Multi-attribute coefficients for each attribute level
| Health state level | Vision | Hearing | Speech | Ambulation | Dexterity | Emotion | Cognition | Pain |
|---|---|---|---|---|---|---|---|---|
| 1 | 1.00 | 1.00 | 1.00 | 1.00 | 1.00 | 1.00 | 1.00 | 1.00 |
| 2 | 0.98 | 0.95 | 0.94 | 0.93 | 0.95 | 0.95 | 0.92 | 0.96 |
| 3 | 0.89 | 0.89 | 0.89 | 0.86 | 0.88 | 0.85 | 0.95 | 0.90 |
| 4 | 0.84 | 0.80 | 0.81 | 0.73 | 0.76 | 0.64 | 0.83 | 0.77 |
| 5 | 0.75 | 0.74 | 0.68 | 0.65 | 0.65 | 0.46 | 0.60 | 0.55 |
| 6 | 0.61 | 0.61 |  | 0.58 | 0.56 |  | 0.42 |  |

For each health state, the attribute level selected in the response is entered into the following health utility formula:

$$U = 1.371 (Vision*Hearing*Speech*Ambulation*Dexterity*Emotion*Cognition*Pain)-0.371$$

=== Example ===
A health state for a respondent of the following:

|  | Vision | Hearing | Speech | Ambulation | Dexterity | Emotion | Cognition | Pain |
|---|---|---|---|---|---|---|---|---|
| Level | 1 | 2 | 2 | 3 | 2 | 3 | 2 | 4 |

The corresponding coefficients associated with each attribute and level are entered into the above formula as:

$$U = 1.371 (1 \times 0.95 \times 0.94 \times 0.86 \times 0.95 \times 0.85 \times 0.92 \times 0.77) - 0.371$$

The results of the calculation yields an overall health utility of 0.231. This value indicates the respondents overall health status on a standardized scale which can be compared to other utilities.

== Current use ==
Since its development, HUI classification systems have been used extensively in clinical studies.
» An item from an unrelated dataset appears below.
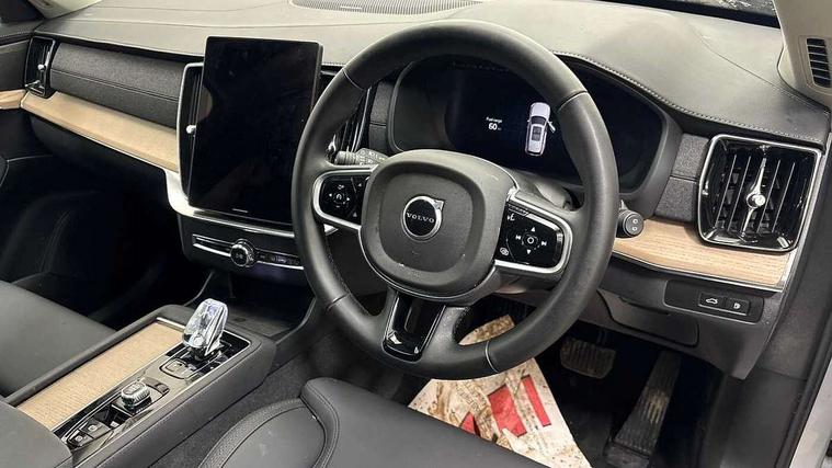 11.2" centre console touch screen, 12.3" Progressive Driver Display, 360 degree surround view parking camera with side proximity sensors, Adjustable steering wheel force, Apple carplay (wired), Bluetooth handsfree system, Drive mode settings, Driver alert control with lane keeping aid, Driver assistance (pilot assist and adaptive cruise control), Driver awareness - Blind spot information system with steer assist, cross traffic alert with autobrake and rear collision warning and mitigation, Driver monitoring system, Emergency call service, Front and rear park assist, Google Automotive Services - Navigation with Voice recoginition and google assistant, Handsfree power tailgate opening and closing, Intelligent speed assistance, Oncoming Lane Mitigation, PAS, Power operated tailgate, Service interval indicator, Speed sensitive steering, Trip computer, Volvo on call, Wireless/Inductive Mobile Phone Charging, 6m 3 phase 16amp Type 2 / mode 3 charge cable, 8 speed automatic transmission with start/stop + manual change functions, Active four C chassis - four corner adaptive dampers with electronic air suspension, Electric rear axle drive, Lithium-ion battery, On board charger - 6.4 kW 2 phase/3.7kW single phase, Recharging port located in nearside front wing, DAB Radio (Digital Audio Broadcasting), Low speed exterior sound speaker, Premium Sound by Harman Kardon, dirac unison, dolby pro logic II surround sound, 13 speakers/600W output and fresh air subwoofer, Steering wheel remote infotainment controls, Adaptive brake lights with high level LED brake lights, Auto dimming interior + exterior mirrors, Auto folding and heated power door mirrors, Automatic headlight levelling system, Automatic matrix LED headlights with Adaptive shadow technology and Active high beam, incorporating Day running lights, Body colour bumpers, Front and rear power windows, Headlight cleaning system, Heated front windscreen, High gloss black door mirrors and window surround, High gloss black front and rear bumper deco, High gloss black front grille and deco, Home safe and approach lighting, Integrated roof rails in high gloss black, Power glass tilt and slide panoramic sunroof with sun curtain, Puddle lights, Rain sensor with automatic windscreen wiper activation, Rear side wing doors, Rear wash/wipe with intermittent wipe setting, Roof antenna, Roof spoiler, Visible VIN plate, 12V socket in luggage compartment, 2nd Row centre armrest with and cupholders, 3 Spoke tailored sport steering wheel with chrome trim, 4 zone electronic climate control with Clean zone air quality system + pollen filter, A-pillar parking ticket holder, Air conditioning for 3rd row of seats, Air purifier PM2.5, Ambient door and instrument panel lighting, B Pillar ventilation, Bright metal luggage scuff plate, Centre console cupholders and storage, Floor mats, Front and rear courtesy lights, Front and rear door pocket illumination, Front footwell and side step illumination, Front headrests, Front reading lights, Front seat cushion extensions, Front tunnel storage illumination, Glovebox compartment light, Heated front seats, Heated rear seats, Heated steering wheel, Height/reach adjustable steering column, Illuminated front and rear aluminium tread plates, Illuminated luggage compartment, Illuminated tailgate, Illuminated vanity mirrors + ticket holder, Inner door release handle illumination, Isofix outer rear child seat preparation in 2nd row, Load cover, Load protection net, Lockable glovebox compartment, Luggage compartment divider with grocery bag holder, Nordico quilted upholstery, Outboard armrest with cupholder and storage for third row passengers, Power driver seat with multi directional lumbar support and memory for seat and exterior mirrors, Power folding 2nd row headrests, Power passenger seat with multi directional lumbar support and memory, Rear footwell and side step illumination, Rear headrests, Rear reading lights, Second row integrated child seat for centre seat, Single front passenger seat, Textile headlining, Three 2nd row individual folding passenger seats with fore/aft adjustment, Two 3rd row individual folding passenger seats, Underfloor luggage compartment storage, 7 three point seatbelts, City safety with steering support includes pedestrian, cyclist detection, front collision warning with full auto brake and rear auto brake, Driver and passenger airbags, Drivers knee airbag, First aid kit, Front seats SIPS airbags, Hill descent control - off drive mode, Hill start assist, IC (Inflatable Curtains) - Full Length, Passenger airbag cut-off switch, Power child locks on rear doors, Power parking brake with auto hold function, Road sign information display, Run off Road Protection, Seatbelt reminder and pretensioners for all seats, SIPS (Side Impact Protection System), Slippery road and hazard light alert, Stability and Traction Control with Spin control, Engine Drag Control and Corner Traction Control, Tyre pressure monitoring system, Vehicle deceleration control with Anti-lock Brake System, Electronic Brake Distribution and Emergency Brake Assist, Warning triangle, WHIPS whiplash protection system - front, 2x Key integrated remote control central locking + deadlocking system and auto open/close windows, Anti-theft alarm including immobiliser/volume sensor + level sensor, Keyless drive includes keyless entry and keyless start, Locking wheel nuts, Tailored instrument panel and door tops, Tyre sealant kit and compressor,
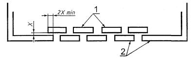 Условие: рассматриваемый путь включает несплошной стык с канавками менее Х мм с каждой стороны. Правило: ЗАЗОРЫ и ПУТИ УТЕЧКИ являются отрезками прямых между частями. Рисунок F.5 - Несплошной стык с узкими канавками

HUI-2 and HUI-3 are used to elicit health status score from respondents which are converted to health utility scores. Health utility scores are then used in clinical trials to assess quality-adjusted life years as a result of clinical interventions. HUI has been studied in disease states across the health spectrum including cancer, stroke, and mental health. Examples of treatments include comparisons between two or more pharmaceuticals, medical devices, and other medical technologies.

Quality-adjusted life years are calculated by multiplying the number of life years gained by the health utility. The adjustment accounts for the changes in health-related quality of life for a given health state as a result of treatment. Common applications include cost-effectiveness analysis and comparative-effectiveness analysis which are types of economic analysis. These types of analyses are used to inform decisions about the amount of value a particular treatment provides relative to other treatments at a population level of health.

To date, HUI classification systems have focused on evaluating population health to make macro-level decisions about health care utilization; however, its use to identify health status of individuals for use in a clinical setting is being considered.

== Validity and reliability ==
Since its introduction in 1991, HUI questionnaires and classification systems have been translated into 35 different languages and have been used by 300 investigators across 20 different countries around the world. Research has demonstrated that HUI provides comparable measures of general health status to the SF-36 and EQ-5D, other well established questionnaires used in this field.